Zachodnie wsparcie dla Ukrainy

Stany Zjednoczone zgodziły się na przekazanie Kijowowi z niemieckich arsenałów 125 rakiet ziemia–ziemia do wyrzutni HIMARS oraz 100 ziemia–powietrze do systemów Patriot. Poinformował o tym 10 maja „The New York Times”. To standardowa procedura w przypadku uzbrojenia produkcji amerykańskiej.

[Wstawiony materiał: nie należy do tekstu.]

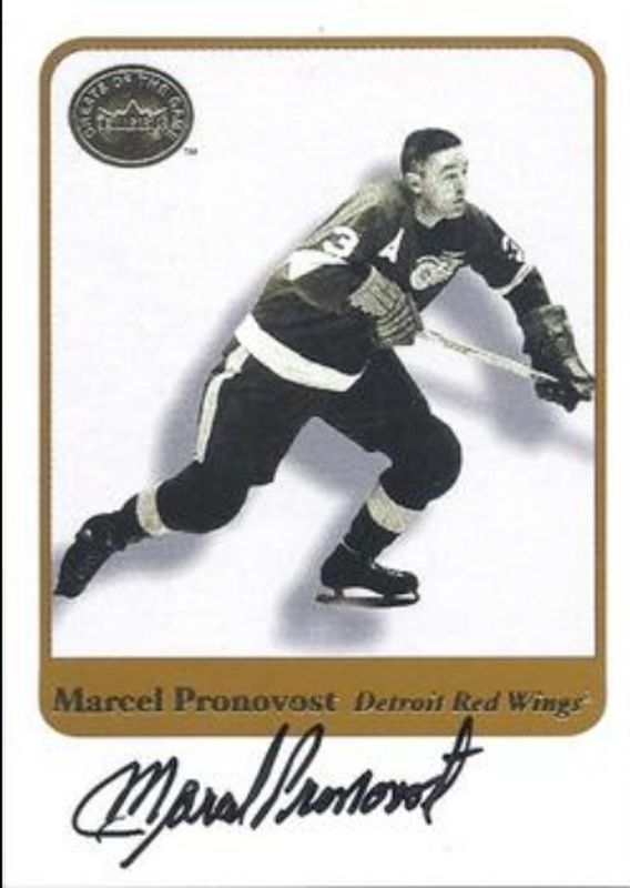 The Marcel Pronovost 2001 Fleer Greats of the Game Autographs card is 1 of 2 Marcel Pronovost's card variations in the 2001 Fleer Greats of the Game set being tracked by Sports Card Investor, including Base.
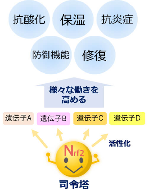 Nrf2はタンパク質の一種で、紫外線ダメージを感知すると抗酸化、抗炎症、保湿、修復などに関わる数百以上の遺伝子を活性化します。
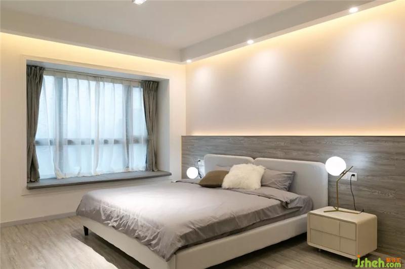 床头后方墙壁采用木地板上墙的方式,与地板同一色调,形成视觉的延伸效果。灰色调,沉稳大气,简洁明朗的北欧风格。
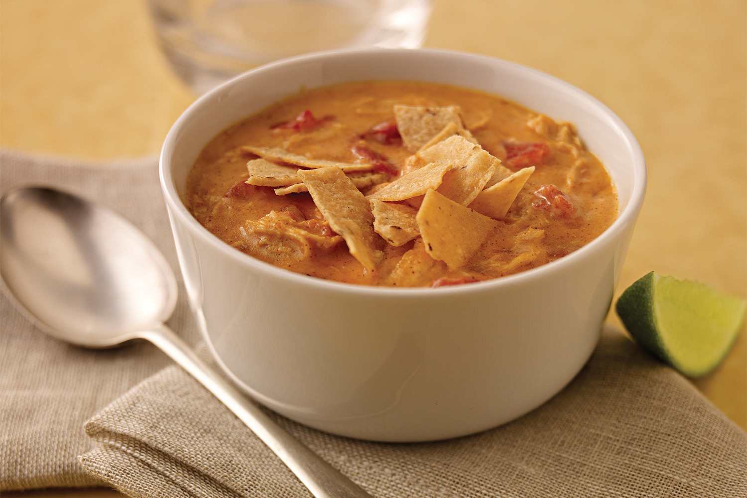 Try our Cheesy Tortilla Soup as an alternative to traditional chicken soups. The spice of Cheesy Tortilla Soup is topped with crunchy tortilla chip bits.
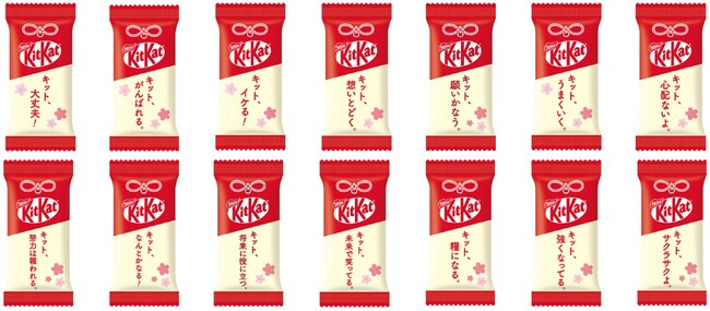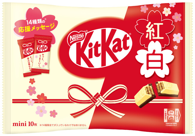 本製品は、定番の赤いパッケージの「ミルクチョコレート」と、「ホワイトチョコレート」の2つの味を1枚で楽しむことができる特別な「キットカット」です。外袋は、縁起が良い紅白カラーに、”願いが叶う”といういわれのある「叶結び」をデザインに取り入れています。また、中の個包装は14種類あり、それぞれ「キット、大丈夫!」などの応援メッセージが書かれており、受験生の応援は勿論、スポーツや恋愛、就職活動などの様々なシーンで、目標に向かって頑張る全ての人を応援するアイテムとしておすすめです。

7 maja Niemcy zaktualizowały listę dostarczonego Ukrainie wyposażenia. Wyszczególniono m.in. trzy słowackie armatohaubice Zuzana-2 (w ramach projektu współfinansowanego przez Danię, Niemcy i Norwegię), 66 pojazdów o wzmocnionej ochronie przeciwminowej MRAP, 27 tys. pocisków artyleryjskich kalibru 155 mm i 1 tys. kalibru 122 mm, 40 tys. nabojów 35 mm do samobieżnych dział przeciwlotniczych Gepard, 150 uzbrojonych bezzałogowców HF-1 i 70 dronów rozpoznawczych Vector, niesprecyzowaną liczbę rakiet do systemów obrony powietrznej IRIS-T, amunicji do czołgów Leopard 2 i granatników przeciwpancernych RGW 90.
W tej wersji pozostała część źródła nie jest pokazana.